Etwas mehr Mühe: Kleinigkeiten in der Erscheinung und im Verhalten verändern

Die zweite Angelegenheit ist schwieriger. Die Theorie über dich wäre: Du erkennst, dass es ganz gut wäre, dich zu ändern, aber du weißt nicht, wie das gehen (oder enden) soll.

Einige der Vorschläge zur Verhaltensänderung sind einfach:

1. Lernen, zuzuhören.
2. Individueller kleiden.
3. Mehr (und andere) Themen ansprechen.


Na schön, werdet ihr sagen, das ist ja nun wirklich Kinderkram. Doch wenn ich zum „Erwachsenenkram“ komme, dann geht den meisten schnell „die Puste aus“.

Lohnend, aber mit viel Aufwand verbunden

Denn wer sein Verhalten ändern will, der sollte…

1. Zeit haben für eine Veränderung.
2. Wissen, was er/sie aufgeben kann.
3. Erkennen, was er/sie beibehalten möchte.

Das ist der „Umbau der Persönlichkeit light“. Er kann durch Anleitungsbücher, Selbstkontrolle, Gespräche oder Rückkoppelung erreicht werden, möglicherweise auch durch Kurse.

Es gibt dazu einen Sinnspruch, der früher oft verwendet wurde. Verweltlicht heißt er:

Verändere an dir zum Guten, was sich verändern lässt. Nimm hin, was du nicht verändern kannst. Und lerne das eine von anderen zu Unterscheiden.

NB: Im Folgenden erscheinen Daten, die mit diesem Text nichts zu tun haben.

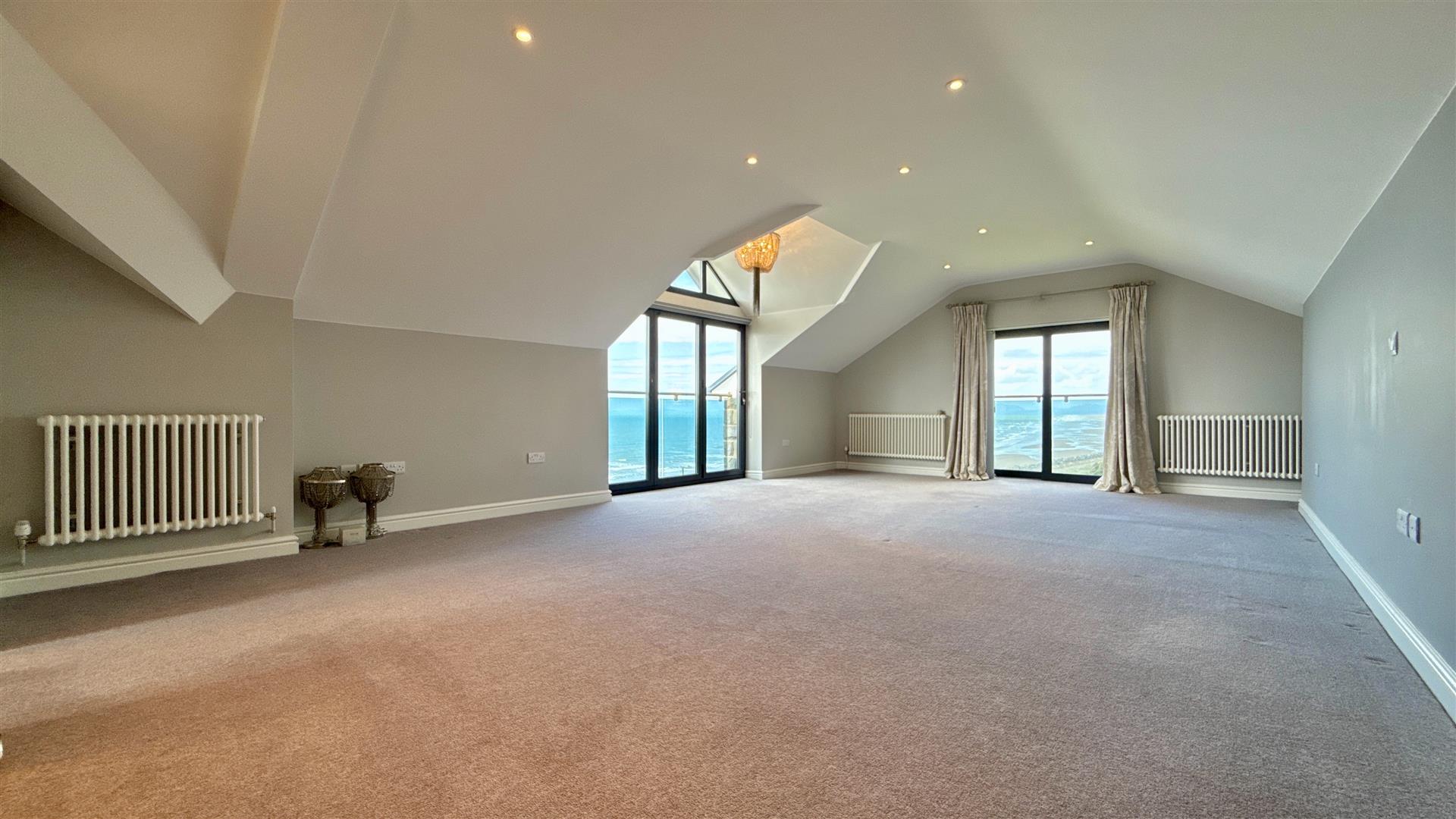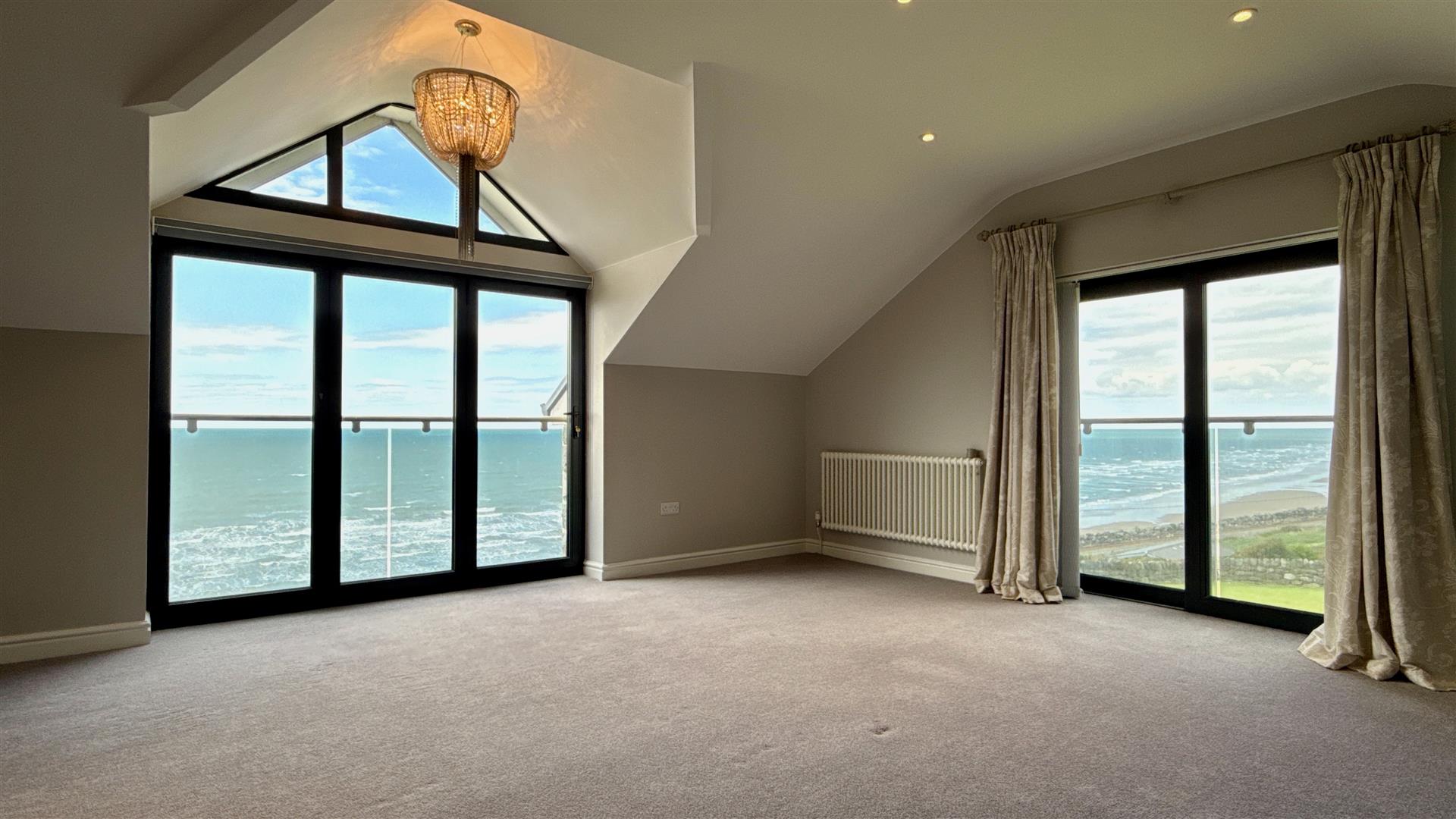 Boasting three bedrooms; the principal bedroom suite is remarkable and spans the entire first floor including dual aspect Juliette balconies with both sliding and bi-fold doors which maximise the spectacular views, bring in the sound of the waves, and allow the fresh coastal air to drift through. In addition there is a well appointed en-suite with both free standing bath and large shower, plus a large dressing room.
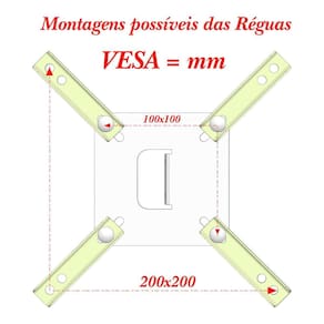 Observações importantes: - verifique se a superfície de instalação apresenta resistência suficiente para uma instalação segura. - o suporte só segura a tv, não resolve problemas de paredes fracas ou arenosas - confirme se os vesa atendem a furação do gabinete da sua tv - fique atento a carga máxima indicada para o suporte - aconselhamos que a instalação seja realizada por um profissional da área Ean: 7898718280264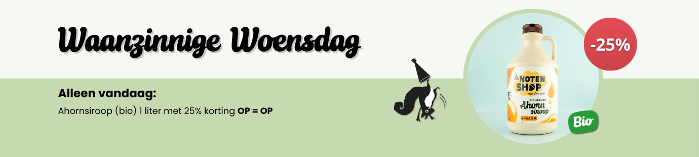 Niks is lekkerder dan vers gebrande noten of vers geroosterde noten. Wij branden en roosteren onze notenvarianten elke dag zelf voordat wij ze verpakken. Verser kan haast niet! In ons assortiment vindt u ook diverse biologische noten en natuurlijke producten. Deze producten zijn 100% biologisch en vrij van extra toevoegingen. Ontdek de lekkerste superfoods, pitten & zaden, muesli & granen, bakproducten en meer tegen zeer scherpe prijzen en bestel gemakkelijk online!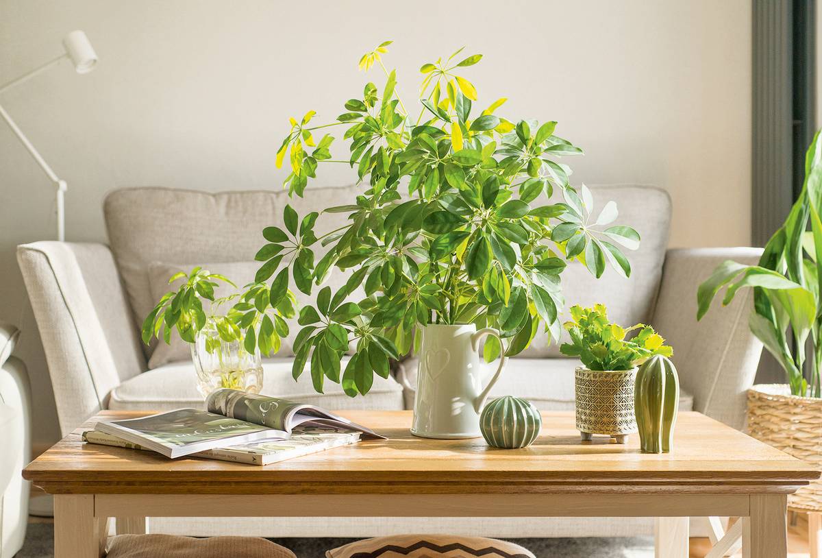 Dvoumetrová šeflera (Schefflera arboricola), to už je panečku úctyhodný pěstitelský úspěch. Listy pravidelně kontrolujeme, zdali na nich neřádí škůdci.

Ich darf euch verraten, dass es immer zuerst um eine nüchterne Bilanz geht, ähnlich wie bei der professionellen Problemanalyse, die in der Wirtschaft benutzt wird. Doch das wäre ein neues Thema.

Soweit die kurzen und knappen Ratschläge, die wirklich etwas nützen. Wer sich nicht selbst helfen will oder wer sich unsicher ist, wie der Weg zu den persönlichen Veränderungen aussehen soll, der benötigt professionelle Hilfe vor Ort. Sie ist nicht „barrierefrei“ und erfordert möglicherweise Wartezeiten.